Variant annotation

Variant annotation workflow

Variants are annotated with their predicted impact on the genes using SNPeff
Then with public variant databases:
- Small variants are annotated with with gnomAD's allele frequencies, conservation/CADD/MetaRNN scores, and ClinVar's clinical significance.
- Structural variants are annotated with the frequency in SV catalogs, and their overlap with dbVar clinical SVs, or DGV.
Structural variants can also be re-genotyped from the long reads to compute the read support and help rank/filter them by confidence.

The workflow was written in

WDL: see wdl/workflow.wdl and WDL section below.
Snakemake: see workflow/Snakefile (and config, profile folders) and Snakemake section below.

Input

The worklow annotates a VCF file containing small variants and structural variants (SVs). Mapped reads should also be provided to perform some QC on the SVs.

After preparing the annotation files, jump to the WDL or Snakemake sections to run the workflow.

Prepare annotation files

SnpEff

wget https://snpeff.blob.core.windows.net/databases/v5_1/snpEff_v5_1_GRCh38.105.zip
unzip snpEff_v5_1_GRCh38.105.zip

gnomAD

To reduce the size of the VCF with the variants in gnomAD, keeping only the field that we want to use (AF):

for CHR in `seq 1 22` X Y
do
    curl https://storage.googleapis.com/gcp-public-data--gnomad/release/3.0/vcf/genomes/gnomad.genomes.r3.0.sites.chr${CHR}.vcf.bgz | zcat | bcftools annotate -x ^INFO/AF,ID,FILTER,QUAL -e 'FILTER~"AC0"' -Oz -o gnomad_chr.genomes.r3.0.sites.chr${CHR}.vcf.gz
done
bcftools concat gnomad_chr.genomes.r3.0.sites.chr*.vcf.gz | bcftools sort -Oz -o gnomad.genomes.r3.0.sites.small.vcf.bgz -m 3G
rm gnomad_chr.genomes.r3.0.sites.chr*.vcf.gz

The final bgzipped VCF is only 4.5G.

dbNSFP

To reduce the size of the dbNSFP database used by SNPeff:

## download dbNSFP zip from https://sites.google.com/site/jpopgen/dbNSFP
## list files in the zip
unzip -l dbNSFP4.4a.zip
## list columns in full txt file. helps finding/double-checking the column numbers we want to keep
unzip -p dbNSFP4.4a.zip dbNSFP4.4a_variant.chr1.gz | zcat | head -1 | awk 'BEGIN{RS="\t"}{N=N+1;print N" "$0}' | less
## keep only some columns. gzip to control the size of temporary files and use multi-threaded gzip (pigz) to speed up a bit
unzip -p dbNSFP4.4a.zip dbNSFP4.4a_variant.chr1.gz | zcat | head -1 | cut -f 1-4,77-79,128-130,165-167,676 | gzip > temp.txt.gz
for CHR in `seq 1 22` X Y M
do
    unzip -p dbNSFP4.4a.zip dbNSFP4.4a_variant.chr${CHR}.gz | zcat | sed 1d | cut -f 1-4,77-79,128-130,165-167,676 | pigz -c -p 4 >> temp.txt.gz
done
## bgzip instead of gzip
unpigz -c -p 4 temp.txt.gz | bgzip > dbNSFP4.4a.small.txt.gz
## index with tabix
tabix -b 2 -e 2 -s 1 dbNSFP4.4a.small.txt.gz

If we keep only information about GERP, CADD, MetaRNN, and ALFA, the file size decreases from 35G to about 2G.

AnnotSV

To also use the GeneHancer database for enhancers, download manually from the GeneHancer website. Then download the GeneHancer-v5.9-for-AnnotSV.zip file.
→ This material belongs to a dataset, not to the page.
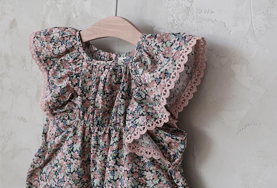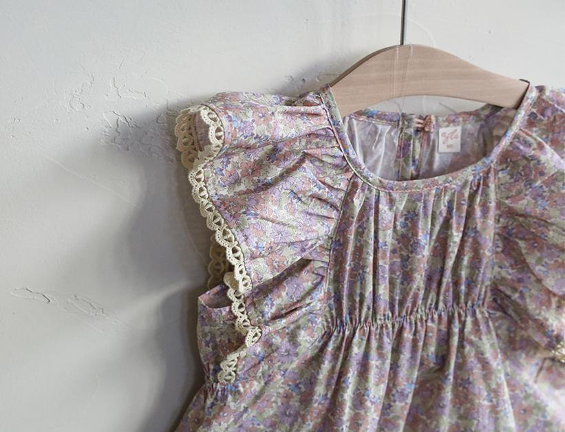 肩にはふんわりとしたフリルをあしらい、動くたびにやさしく揺れる可愛らしいアクセントに。さらにレースの飾りをプラスすることで、上品でガーリーな雰囲気を演出しています。

docker run -it -v `pwd`:/app -w /app -u `id -u $USER` quay.io/jmonlong/annotsv:3.4
# - # IN DOCKER CONTAINER
cp -r /build/AnnotSV .
cd AnnotSV
PREFIX=. make install-human-annotation
cd share/AnnotSV/Annotations_Human/FtIncludedInSV/RegulatoryElements
cp /app/GeneHancer-v5.9-for-AnnotSV.zip .
unzip GeneHancer-v5.9-for-AnnotSV.zip
cd ../../../../../
AnnotSV -SVinputFile tests/AnnotSV/test_06_VCFfromLumpy/input/test1.vcf -outputDir temp_out -annotationsDir share/AnnotSV
mv share/AnnotSV ../AnnotSV_annotations
cd ..
rm -fr AnnotSV
# - # OUT DOCKER CONTAINER

Misc annotations in R object

annotation_database.RData

Details and link soon...

Tandem repeat expansion in public controls

hprc-hgsvc-tr-catalog.tsv.gz

Details and link soon...

ClinVar VCF

Details soon...

Running the workflow

WDL

The input JSON should contain a VCF field with the path to the VCF file to annotate.

See test/test.inputs.bam.json for an example.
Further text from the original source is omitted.